Additional tests should be developped for each new and existing feature. pytest should be run before each commit to prevent easily detectable bugs.

Change log

This section describes the changes introduced at each Version.

* Short releases indicate the fix of a critical bug.

* Notice that some versions skip numbers. This is not an error, this is because the stupid policy of pypi to not allow to correct packages. Hence if something goes wrong, you need to re-upload with a new Version number.

Version 3.5.3

  • Added voltage angle in the power flow results and time series power flow results. About time!
  • Removed warnings from the power flow driver. Now the warnings are stored in a log and displayed in the GUI.

Version 3.5.2

  • Removed pulp dependency in the generator objects (forced a critical update)
  • Added some icons in the GUI

Version 3.5.1

  • Simplified and unified the OPF interfaces.
  • Added AC-liner OPF time series as a non-sequential algorithm.
  • Added shadow prices to the non-sequential OPF.
  • Added the handling of dispatchable non dispatchable generators to the OPF.
  • Fixed bug with the OPF offset when starting at a index other than 0.
  • Fixed bug with time grouping that repeated the last index.
  • Fixed bug with the delegates setting for the boolean values

Version 3.5.0 (commemorating the 100 GitHub stars)

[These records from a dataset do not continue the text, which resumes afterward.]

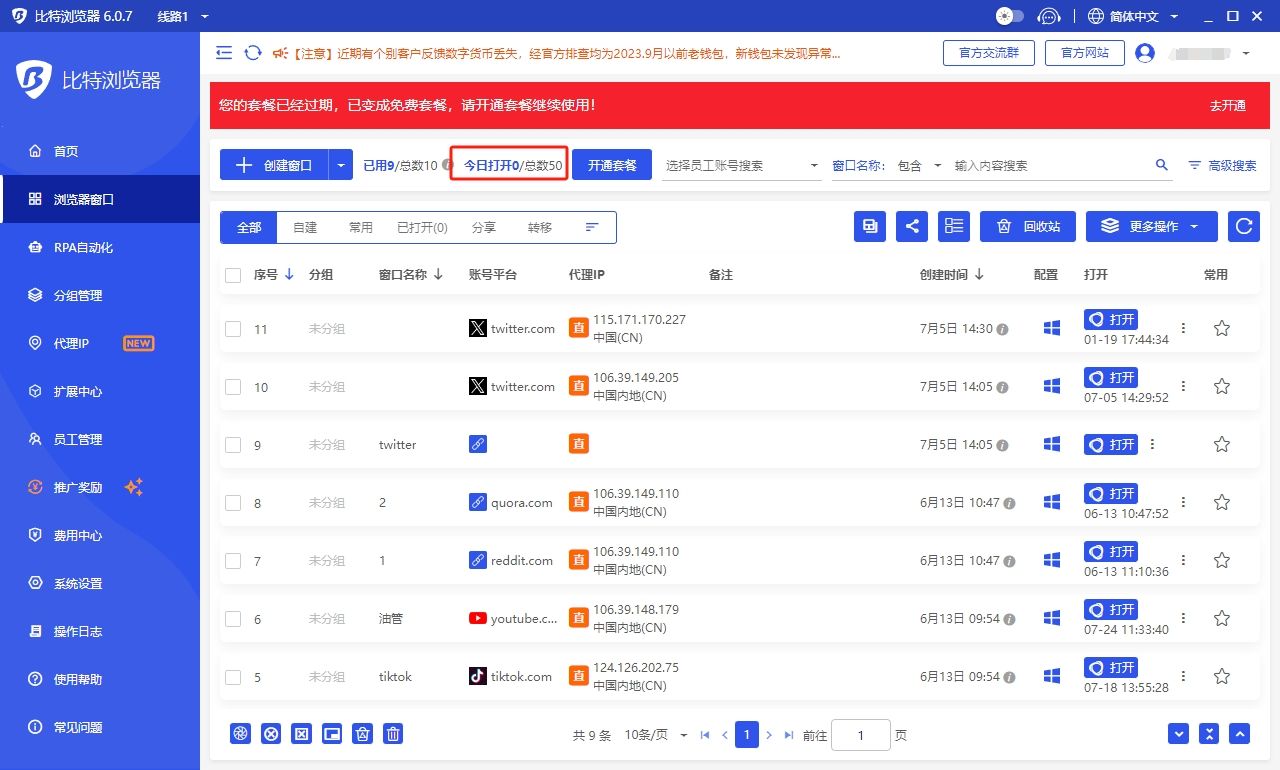 对于有更多打开窗口需求的比特浏览器用户,可以采用更高级的套餐来避免打开比特浏览器窗口数不够用的情况出现,比特浏览器的基础款付费套餐就提供有500次的窗口打开数量,次日就可以刷新,基本可以满足普通用户的需求。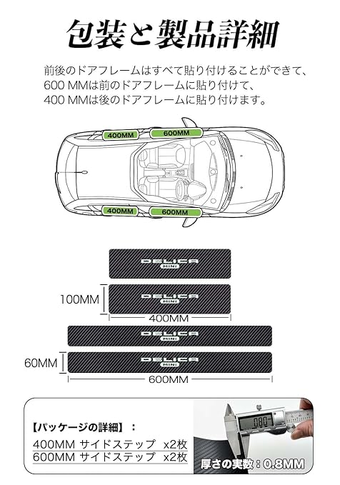 [対応車種]:適合デリカミニ Delica mini B34A B35A B37A B38A B3系 (2023年5月~現行)。ご注意ください:護板を正しく取り付け、確実に固定しておくことで、走行中に緩むことがないようにしてください。定期的に護板を清掃して、その夜光効果と外観を維持してください。【パッケージ内容】車用 サイドステップガード*4、日本語取扱説明書*1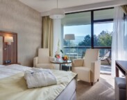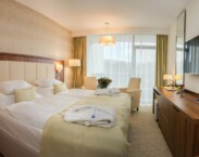 Premium plus: nově zrekonstruovaný pokoj větších rozměrů, koupelna, TV/SAT, klimatizace, minibar, telefon, trezor, fén, župan, balkon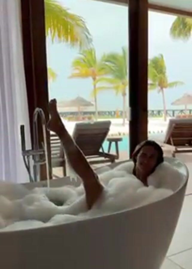 A woman is in a white oval bathtub full of bubbles. She is smiling and speaking to the camera. One of her legs is briefly raised in the air. Through a large window, a resort can be seen, including palm trees, lounge chairs, a swimming pool, and umbrellas on the beach.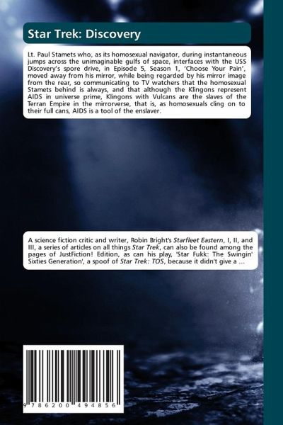 Lt. Paul Stamets who, as its homosexual navigator, during instantaneous jumps across the unimaginable gulfs of space, interfaces with the USS Discovery's spore drive, in Episode 5, Season 1, 'Choose Your Pain', moved away from his mirror, while being regarded by his mirror image from the rear, so communicating to TV watchers that the homosexual Stamets behind is always, and that although the Klingons represent AIDS in universe prime, Klingons with Vulcans are the slaves of the Terran Empire in the mirrorverse, that is, as homosexuals cling on to their full cans, AIDS is a tool of the enslaver.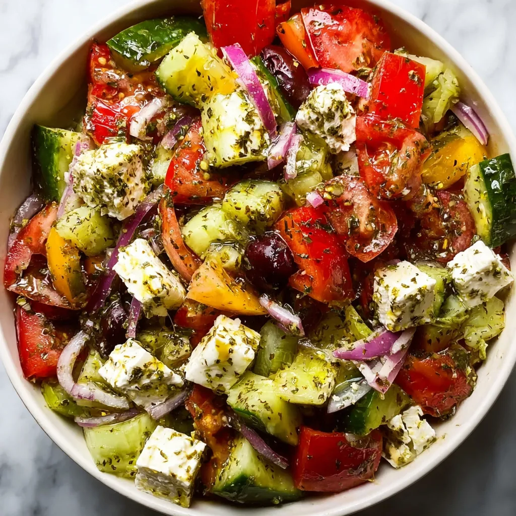For grab-and-go convenience, portion individual servings into mason jars or meal prep containers, layering the dressing at the bottom, followed by heartier vegetables like cucumbers and onions, then more delicate items like tomatoes and herbs on top. Add the vegan feta just before eating to maintain its texture and prevent it from absorbing too much moisture from the other ingredients.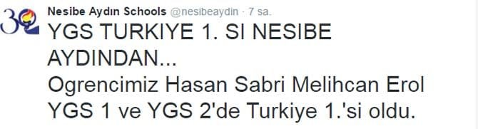 YGS-1 ve YGS-2'de Türkiye birincisi olan Hasan Sabri Melihcan Erol, Ankara Nesibe Aydın Okulları öğrencisi. Kurum öğrencisinin başarısını sosal medyadan paylaştı.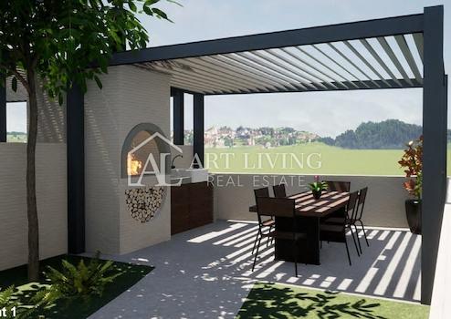 In einer charmanten und ruhigen Siedlung, nur 5 km vom bekannten Poreč und nur 2,5 km vom Meer und den Stränden entfernt, steht dieses moderne Reihenhaus zum Verkauf, dessen Bau im Jahr 2024 begann.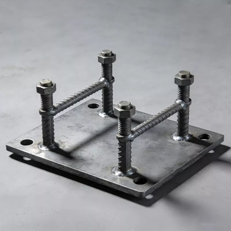 Ingebedde stalen plaat: dikte 6 mm ~ 50 mm, lengte en breedte 100 mm × 100 mm ~ 1000 mm × 1000 mm (ondersteuning voor speciaal gevormd snijden); 2. Ingebedde bout: specificatie M10~M64, lengte 100mm~2000mm, draadprecisie 6H;3. Ingebed steun-/verbindingsstuk: gatdiameter, gatafstand en vorm aangepast volgens tekening, totale maattolerantie ≤± 0,3 mm

  • Added pulp as an embedded dependency, and updated its CBC solver with a custom compiled one from the latest sources.
  • Fixed some bug related to the OPF storage and results display in non-sequential mode.

Version 3.4.2

  • Fixed branch saving code (hopefully forever)
  • Fixed the loading of some properties that were missing.
  • Fixed the non-sequential OPF.

Version 3.4.1

  • Added branch voltage and angle drops in the power flow and power flow time series simulations.
  • Added cost profiles for the use in the OPF programs.
  • Fixed critical bug when applying profile to snapshot.
  • Fixed pySide related bug when converting dates.
  • Fixed ui bug when setting values in the profiles manually.

Version 3.4.0

  • Now when highlighting the selection, the buses on the schematic are selected. This feature allows to move buses in bulk after any selection kind.
  • Added feature to highlight buses based on any numeric property from the grid objects.
  • Added “master” delete from the schematic. Now any selection of buses from the schematic can be deleted at once.

Version 3.3.9

  • Improved object filtering.
  • Fixed critical bug involving the change to setuptools.

Version 3.3.7

  • Added filtering capabilities to the object browser.
  • Added Bus reduction.
  • Added bus highlight based on the object filtering.

Version 3.3.6

  • Continued to improved PSS/e .raw support.
  • Fixed the bug caused by PySide2 with the excel sheet selection window.

Version 3.3.5

  • Greatly improved PSS/e .raw file import support.

Version 3.3.4

  • The tower names are displayed correctly now.
  • Completely switched from PyQt5 to PySide2.
  • Added support for PSS/e RAW file format Version 29.
  • Overall bug fix.

Version 3.3.0

  • Now the branches and the buses have activation profiles. This allows to run time series where the topology changes. Only available for time series for the moment.
  • The branches now allow to profile their temperature. This allows to change the resistance to explore heat effects.
  • Added undo / redo to the profiles editor. This improves usability quite a bit.
  • Added csv files into zip files as the GridCal default format. This allows to use the same logic as with the excel files but with much faster saving and loading times. Especially suited for large grids with large profiles.
  • Added error logging for the power flow time series.
  • Massive refactoring of the the files in the program structure, hoping to provide a more intuitive interface.
  • Replace the internal profiles from Pandas DataFrames to numpy arrays. This makes the processing simpler and more robust.
  • Added rating to cables.
  • Changed the TransformerType inner property names to shorter ones.
  • Plenty of bug fixes.

This documentation is generated using Sphinx and autodoc.